For clinicians

The aim of this exciting MRC-funded project is to establish a research biobank of 500 patients with Primary Sjögren's syndrome for academic and clinical research as well as clinical trials. The project is organized by the UK Sjögren's Interest Group (UKSIG).


To facilitate high quality research and clinical trials of PSS, the Medical Research Council (MRC) has recently awarded the UK Sjögren's Interest Group (UKSIG) a sum of >£0.5 million to establish a cohort of 500 clinically well-characterised patients with Primary Sjögren's syndrome. Patients enrolled into the registry will be assessed for glandular and systemic disease activity and damage, level of fatigue and their health-related quality of life using standardised assessment tools. In addition, samples of serum, DNA and RNA from these patients will be stored.

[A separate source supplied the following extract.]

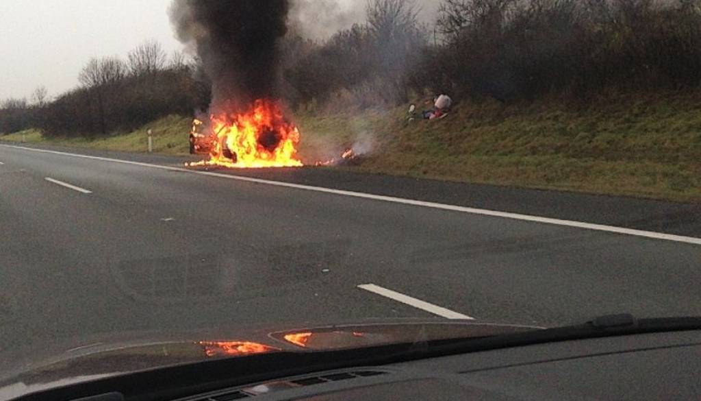 Med priključkoma Vransko in Trojane je zaradi gorečega vozila zaprta štajerska avtocesta.

A cohort of age-, sex- and ethnicity-matched healthy controls will also be recruited simultaneously. There will be opportunities for recruiting centres to conduct and/or participate in add-on research projects, subject to approval by the steering committee and appropriate regulatory bodies. The registry is sponsored by the Newcastle upon Tyne Hospitals NHS Foundation Trust. The biobank will be housed in a secured facility within the Newcastle University.

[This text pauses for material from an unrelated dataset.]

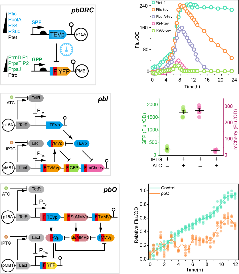在这项研究中,他们将三种具有正交性的病毒蛋白酶和大肠杆菌内源性蛋白质降解机器巧妙结合,构建出两种具有良好可调性和特异性的蛋白质丰度调控单元,并首次在工业模式微生物中构建出三种蛋白酶为基础的新型分子开关:动态开关pbDRC、逆变器pbI和振荡器pbO(图1)。

Clinical data and biomaterials collection

Only linked anonymised data/biological materials will be stored. All clinical data will be collected using the UKPSSR proforma. Registered users can also submit the clinical data directly using a secured online portal via the UKPSSR website ( Alternatively, completed proformas can be sent to UKPSSR by post. Blood samples will be collected for both clinical laboratory tests and extraction of various biological materials for storage. A dedicated senior research nurse based at the Freeman Hospital, Newcastle upon Tyne will be responsible for the co-ordination of data and sample collection, database maintenance and data analysis.

What is involved?

Patient recruitment commenced in August 2009 and there are currently over 25 centres across the UK involved in the project so far. If you are interested in joining or would like further information please contact Dr Wan-Fai Ng at

All recruitment centres will need to:

  • Register the study with their local R&D department (no separate R&D approval or Site-specific assessment is required however)
  • Obtain Caldicott approval and
  • Arrange a pre study visit with the Research Coordinator.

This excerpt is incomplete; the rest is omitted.